[Action item]: Each line from the one with "柔らかな求肥餅でお雑煮を見立てた白味噌餡と甘露煮牛蒡を挟んだ" through the final line of the entries below must be printed exactly, and the pictures must not be.
### Extracted records ###
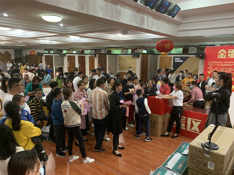 活动现场福人地板不仅为消费者准备了品质过硬的产品,工厂直供价,更有超多福利:认购下单就有礼、金蛋砸不停、还有终极大抽奖,现场火爆非凡。短短两个半小时的团购会吸引了数千人咨询及下单。
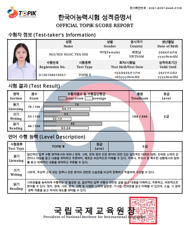 Tôi có bằng IELTS 7.0 (chứng chỉ ngoại ngữ tiếng Anh) và TOPIK 5 (chứng chỉ ngoại ngữ tiếng Hàn). Tôi muốn tập trung vào giảng dạy tiếng Hàn.
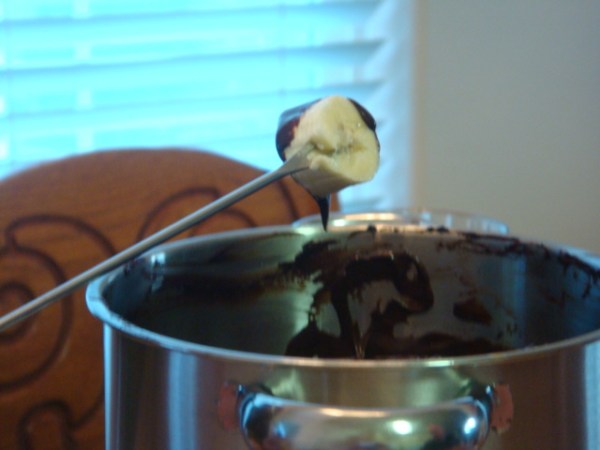 The banana was definitely my favorite, but for the most part I think I ate more plain fruit than chocolate-dipped. Result: I felt satisfied afterwards, whereas everyone else was complaining about how full they felt! I was even feeling a little hungry by the time I got into bed so I made sure to have a snack before my 3-miler this morning — half banana + smear of PB per usual.
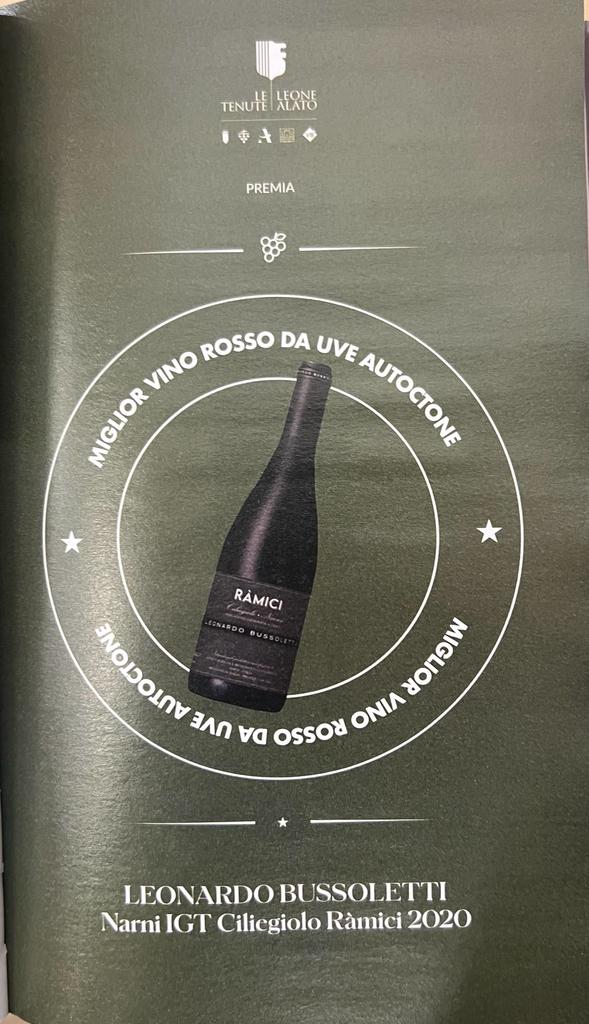 La cantina umbra Leonardo Bussoletti ottiene un nuovo e importante riconoscimento a livello nazionale: Ciliegiolo I.G.T. Narni Ràmici 2020 è stato eletto miglior vino rosso da uve autoctone dell’anno. Il premio speciale – della Guida I Mille Vini d’Italia 2023 Le Guide de L’Espresso a cura di Luca Gardini – è stato consegnato a Leonardo Bussoletti durante la cerimonia di premiazione, che si è svolta lunedì 26 giugno presso il teatro Manzoni a Milano.
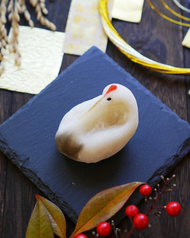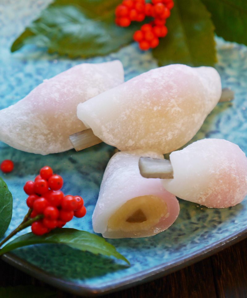 柔らかな求肥餅でお雑煮を見立てた白味噌餡と甘露煮牛蒡を挟んだ
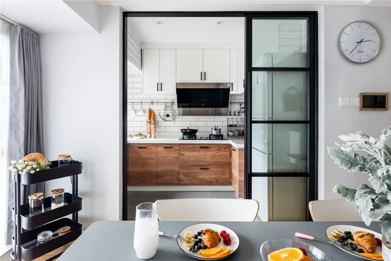 ▲在白色工字砖的墙面基础,装上一个木质的定制橱柜,让做饭炒菜空间也显得文艺轻松自然。
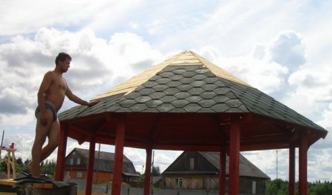 6. Из досок шириной 15 см выполняют настил крыши. Кровлю делают из мягкой черепицы.
###
[Exercise result]:
 柔らかな求肥餅でお雑煮を見立てた白味噌餡と甘露煮牛蒡を挟んだ
 ▲在白色工字砖的墙面基础,装上一个木质的定制橱柜,让做饭炒菜空间也显得文艺轻松自然。
 6. Из досок шириной 15 см выполняют настил крыши. Кровлю делают из мягкой черепицы.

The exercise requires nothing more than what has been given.